Perhaps the most significant of these characteristics especially as it pertains to climate change is “activism.” The historian W.R. Ward has written extensively about the ways that modern Evangelical Christians engage with politics and social issues. In the first chapter of “Evangelicalism, Piety and Politics” (2014), which is a collection of his works edited by the religious historian Andrew Chandler, he traces Evangelical activism back to the Pietist movements of Protestant Europe, especially among Lutherans.

The Pietists saw even protestant church governance as corrupt and false. According to Ward, the Pietists believed that true Christianity should transcend any organized religious system and that religion should pervade every aspect of daily life. Further, the Pietists feared the secularization and disenchantment of life caused by the scientific progress of the Enlightenment.

Frequently persecuted and sometimes expelled from European countries, many Pietists moved to the American colonies and later to the United States as well as to England. In these locations, the Pietists influenced many religious movements including Pentecostalism and the Anabaptists. According to Ward, the common thread that ties Pietism to Evangelicalism and Evangelicals to one another is the shared sense that true Christianity pervades all aspects of life including politics. Further, this view is coupled with and a general distrust of organized, top-down systems of any kind whether religious, political, or academic.

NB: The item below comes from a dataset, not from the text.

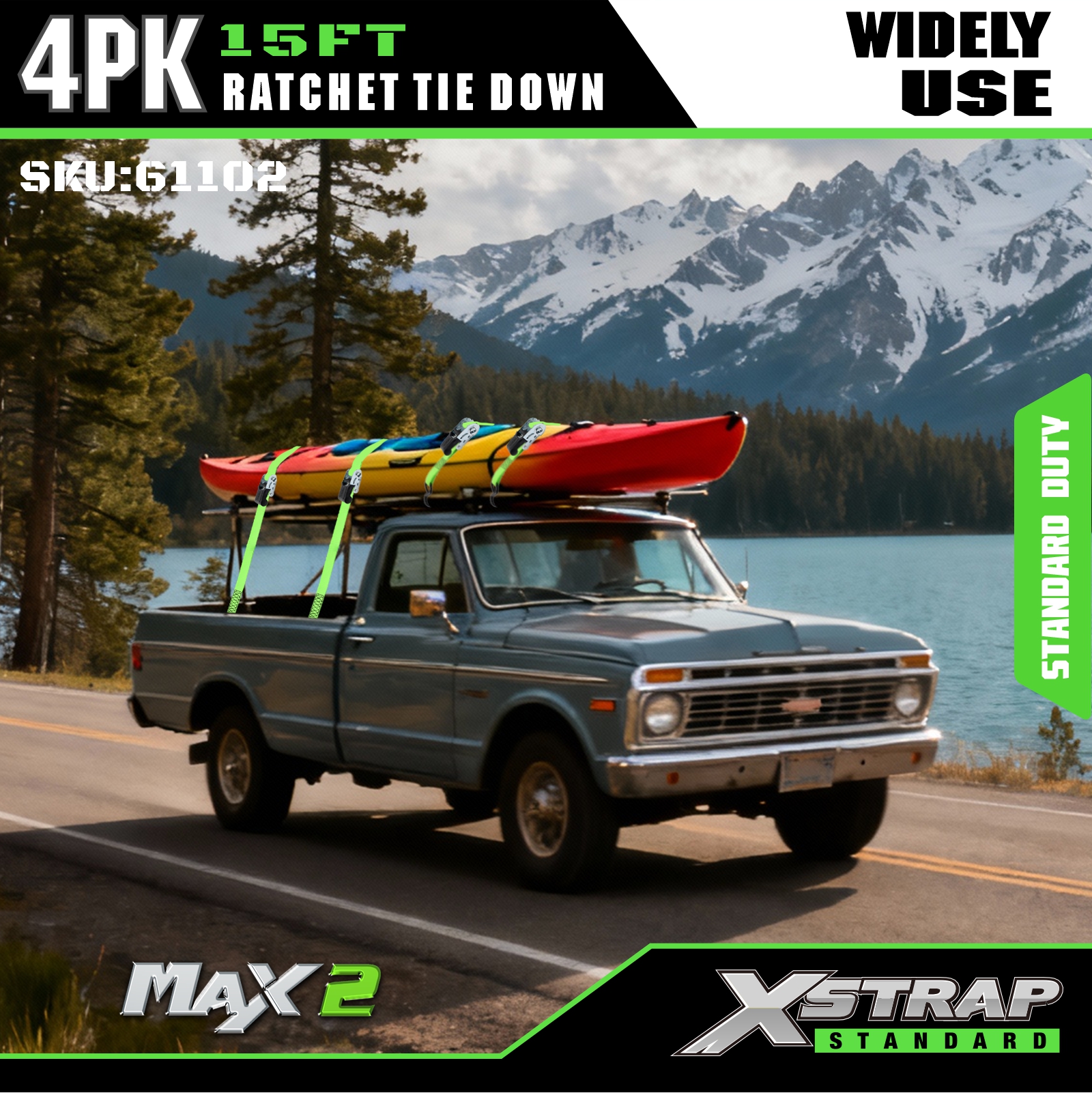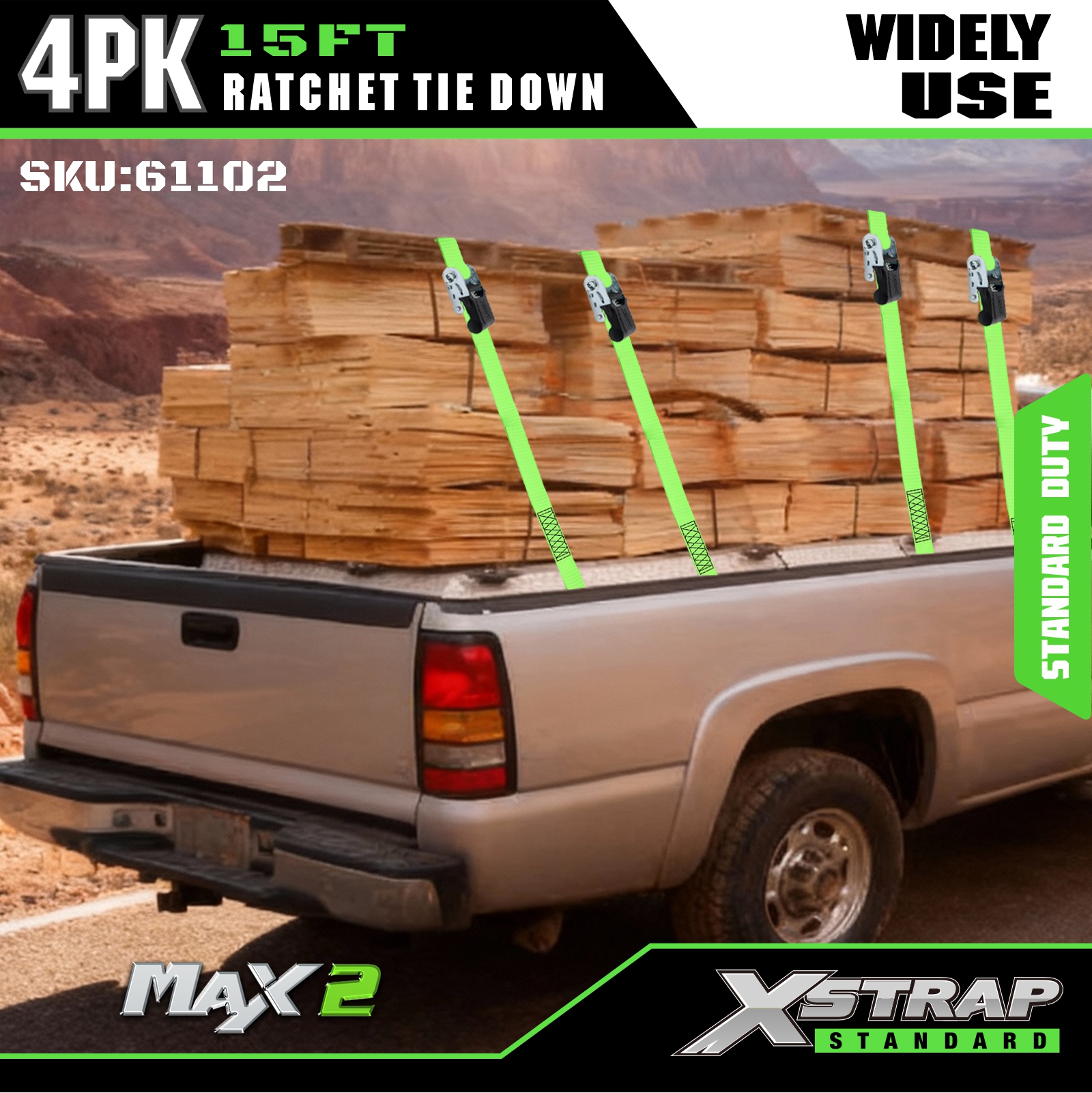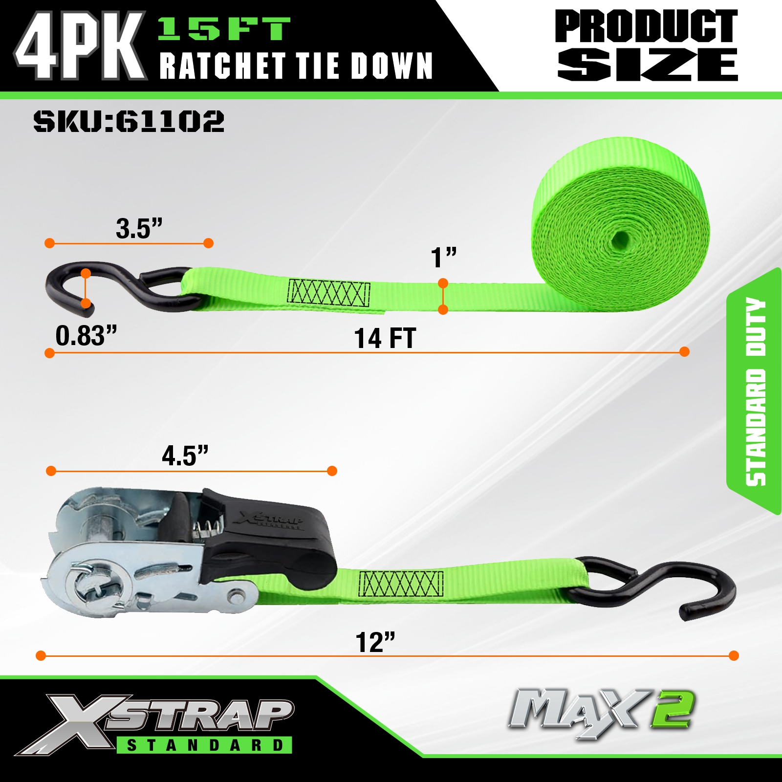 Xstrap Ratchet lekötő hevederek 4 PK 15Ft- 500 Lbs Terhelhetőség 1500 Lbs Szakadási szilárdságú teherszíjak mozgatható készülékekhez, füves felszerelésekhez, motorkerékpárokhoz.

Evangelical views on science are likely then to be an extension of their generalized distrust of academia as a hierarchical structure. This historical mistrust stands out when it is compared to the relative harmony between science and other forms of Christianity. For instance, the Pew study cited above shows that Hispanic Catholics are among the most likely US citizens to believe in human-caused climate change. One might speculate that the Catholic church’s acknowledgment of anthropogenic global warming along with a general willingness among Catholics to accept the hierarchical authority of the Church underlies their willingness to accept climate science.

This diversity of perspectives both between Christians and occasionally between Evangelicals is fascinating to me since it suggests that there is a possibility for the relationships to science among Evangelical Christians be renegotiated. While exploring the diversity in Christian responses to climate change I found the video below which was produced by The Guardian, a UK-based news outlet. This video gives an excellent overview of just how varied US Christian’s views are towards climate change.

As the video shows, there are a wide range of ways that Christians can and do engage with climate change and its impacts. Going forward, I will explore some of the specific ways that faith informs the responses of United States Evangelical Christians to climate change and its attendant severe weather patterns. I will also take a close look at how engagement with science is for some an expression of Christian principles and how others use the threat of climate change as a way to exert social control over others. Further, I will examine how some Christians attempt to use their faith as a supernatural protection against the threat of climate change, and how yet others transcend their fear through faith. Finally, I will look at how a study of Evangelical Christians in Scotland suggests that the impact of economic, political, and historical realities may shape the views of Evangelicals in the US.